È, prima di tutto, una storia d’amore: di un legame assoluto tra fratello e sorella, che non si esaurisce di fronte alla morte. Emily, di qualche anno più piccola di Joe, quel bambino nato prematuro e adesso di nuovo così fragile. «Joe, in quel momento tu sei diventato il mondo intero per me», dice Emily ricordando i primi anni insieme ed è inconcepibile per lei immaginare un futuro senza Joe, la distanza sempre più grande fra loro, superare in anni l’età del fratello, continuare a vivere. Ecco, qui, è racchiuso il dolore più grande e irrazionale, invecchiare più di qualcuno che abbiamo amato, continuare a vivere senza di lui. Ed è in quel dolore così profondo, che entra, abbagliante, la luce:
E poi c’è la felicità. A volte mi fermo e metto piano una mano sull’altra o mi porto molto lievemente la punta delle dita alla gola, e provo una sensazione fluttuante. Sorrido. Non sapevo, fino a quando non è arrivato un segmento felice di futuro, che la felicità mi aspettava intatta. Ho fatto solo un tratto di strada nel futuro, e così tanto mi resta da vedere. (p. 223)
Anche nei giorni della malattia, in quel nuovo quotidiano di cure e medicinali sempre più forti, ci sono lampi di bellezza, perché se forse il miracolo più grande non è stato concesso bisognerà accontentarsi di tanti, inestimabili piccoli miracoli lungo la strada. I pezzi di vita condivisa, l’ironia con cui affrontare il dolore, il significato di ogni giorno e momento insieme, affinché niente vada perduto. Affinché nessuno, sia perduto. Joe, che non vedrà mai davvero sviluppato il suo potenziale di violinista, che piange per una vita rimasta incompiuta e per l’amore che non ha avuto il tempo di conoscere, ma il suo passaggio su questa terra ancorato per sempre dentro tutti quelli che gli sono stati vicino, che ne condividono la memoria, il sangue.
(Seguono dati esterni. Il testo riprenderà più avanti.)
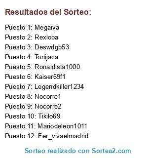 Lista de participantes: Ronaldista1000, Kaiser69f1, Megaiva, Fer_vivaelmadrid, Tonijaca, Rexloba, Mariodeleon1011, Deswdgb53, Tikilo69, Legendkiller1234, Nocorre1, Nocorre2.
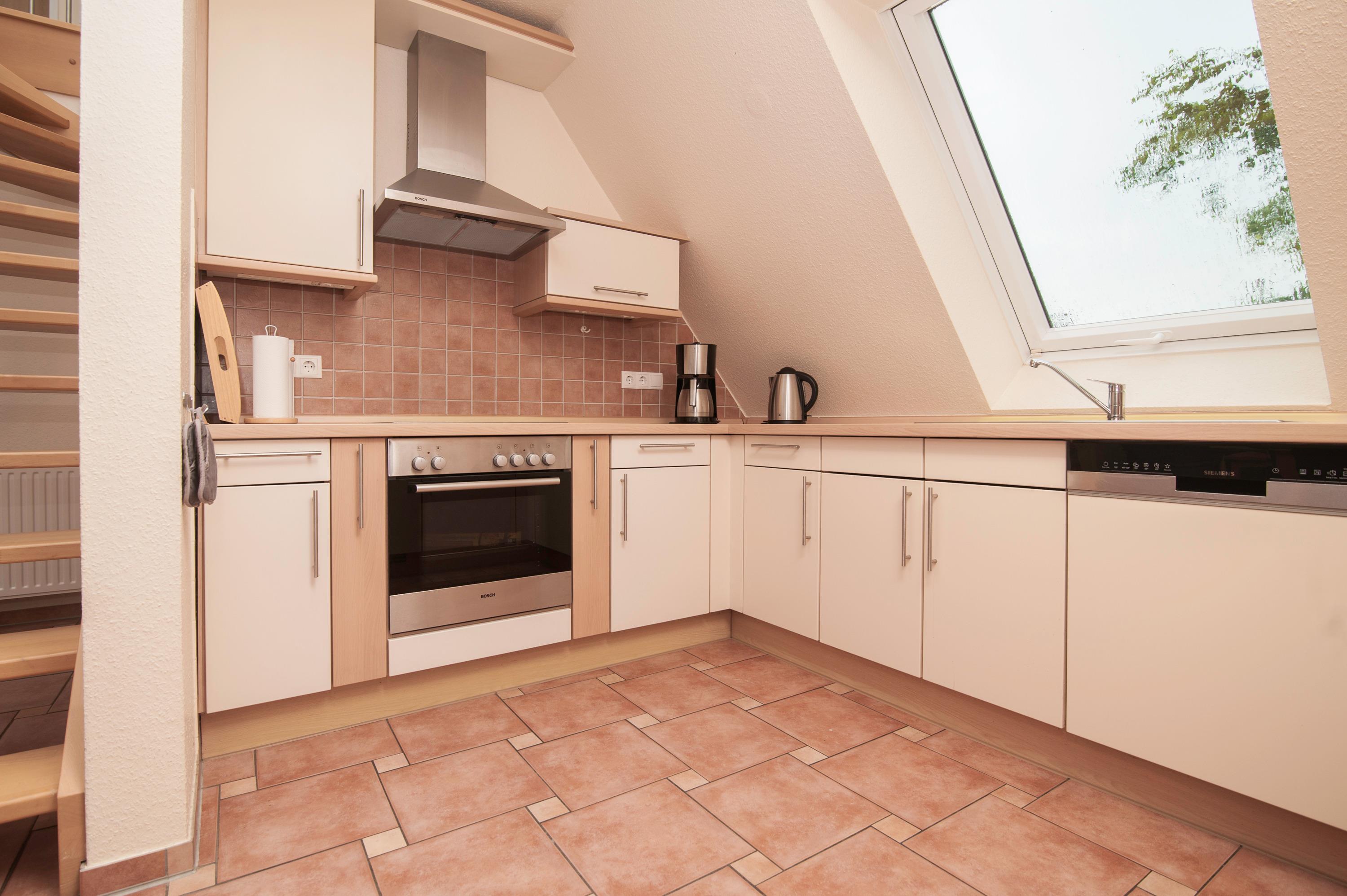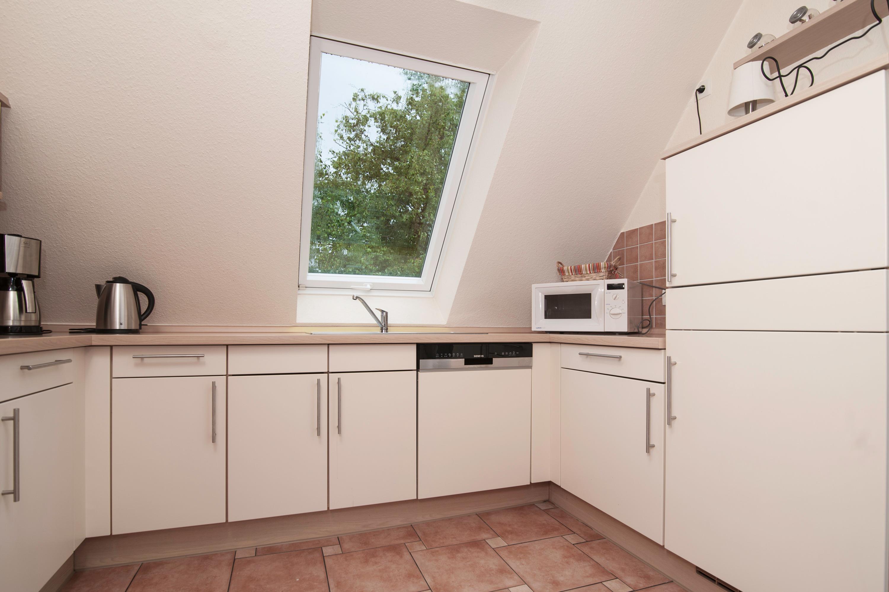 Die Einbauküche ist voll ausgestattet mit Geschirrspüler, Kühlschrank, separatem Gefrierschrank, Mikrowelle, Herd mit Cerankochfeld und Dunstabzugshaube. Die Wohnung verfügt über einen Kaminofen, der besonders an ungemütlichen Tagen für eine gemütliche Atmosphäre sorgt., auch die Sauna garantiert entspannte Stunden.

Quei fili, che legano ognuno di loro, vanno anche da un capo all’altro del tempo: Edward e Joe, ragazzi in due epoche tanto diverse, l’omosessualità repressa l’uno, accolta come naturale parte di sé dall’altro. E forse Edward nonostante tutto è il personaggio più tragico di questa storia, punito dal tempo e dal luogo in cui è cresciuto, isolato dal rumore assordante del silenzio e dell’incomprensione famigliare, provato poi dalle perdite che si sommano una sull’altra.
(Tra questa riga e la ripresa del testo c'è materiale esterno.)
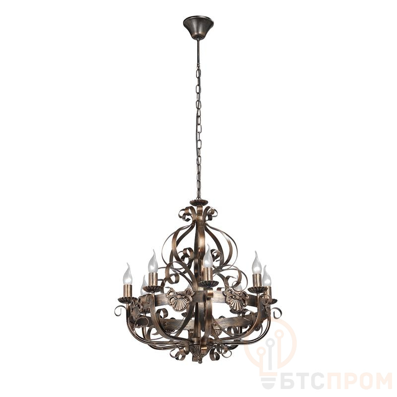 Люстра V1166/8 VITALUCE на 8 ламп по 40 Вт строгого стиля рустика. Может украсить Вашу гостиную, столовую или любое помещение Вашей дачи. Цвет арматуры - черный с бронзой. Лампы в комплект не входят.При использовании светодиодной лампы мощностью до 8 Вт площадь освещения до 24 м2
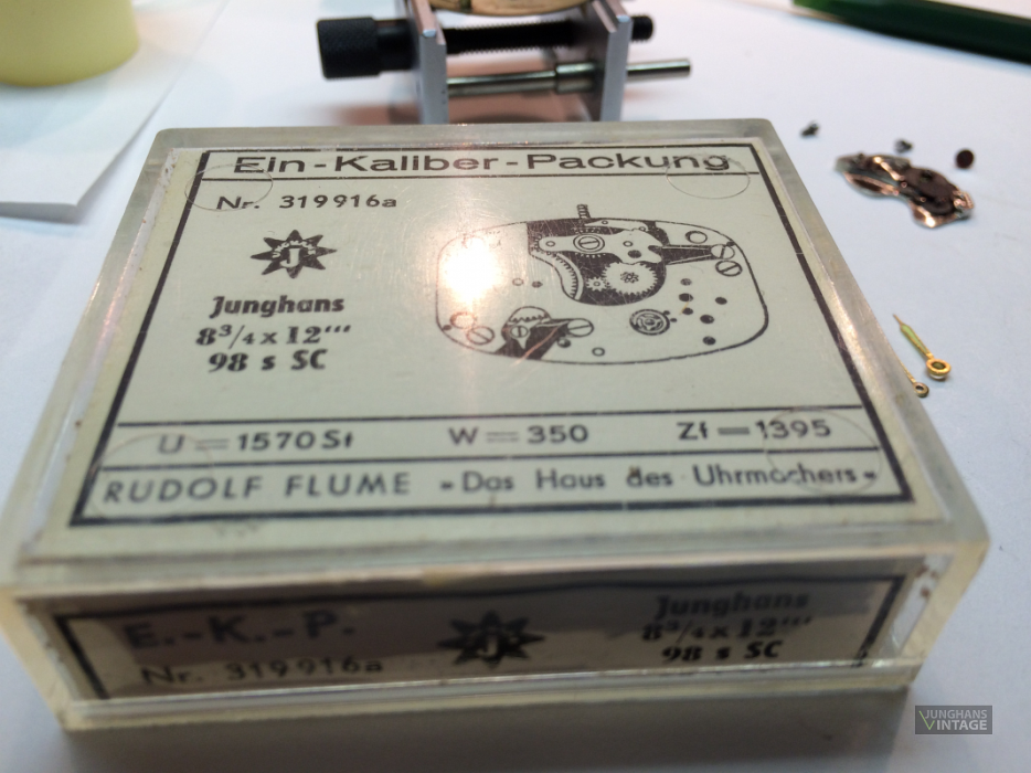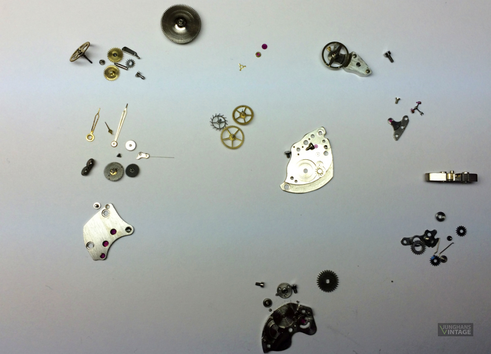 Wie schon im Newsletter angekündigt wollte ich mich endlich des Kalibers Junghans J98/5 bzw. Junghans 698.75 annehmen. Dieses ursprüngliche Formkaliber bewährte sich so sehr, dass die Junghans-Konstrukteure beschlossen, dieses mit einem aufgesetzten Automatikmodul zu versehen.
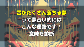 夢占い雷がたくさん落ちる夢の意味は?夢占いでシビれる運勢をバリバリ診断 雷がたくさん落ちる夢を見てドキドキしていませんか?実はその夢、人生が劇的に変わる前触れかもしれません!「宝くじ高額当選の予兆」という噂は本当なのか、それとも「ストレス限界」の警告なのか。この記事では、夢占いの観点から「雷がたくさん落ちる夢」の意味を状況別に徹底解説します。金運アップのチャンスを逃さないための行動や、気をつけるべき注意点まで網羅。あなたの夢が伝える本当のメッセージを今すぐチェックして、運気を味方につけましょう!2024.04.14夢占い

Edward aveva attraversato la vita in modo così esitante, sempre col dubbio che qualcuno gli avrebbe chiesto che cosa stava nascondendo, ma nessuno glielo chiese mai. L’aveva nascosto troppo bene. Aveva preso una parte di sé e l’aveva messa via, come se fosse morta. Come gli sembrava arbitrario, adesso. Casuale, che avesse addirittura vissuto. (p. 213)
L’ha messa via quella parte di sé, si è costruito la famiglia che ci si aspettava. Accanto a Eleonor ma mai davvero vicini. Quanti segreti ognuno ha custodito.
«A volte il mondo è così bello, per caso»: anche in un giorno qualunque, anche nel dolore. E allora facciamo caso, lasciamoci commuovere da una storia così intensa e struggente e, soprattutto, dai tanti, piccoli miracoli del quotidiano.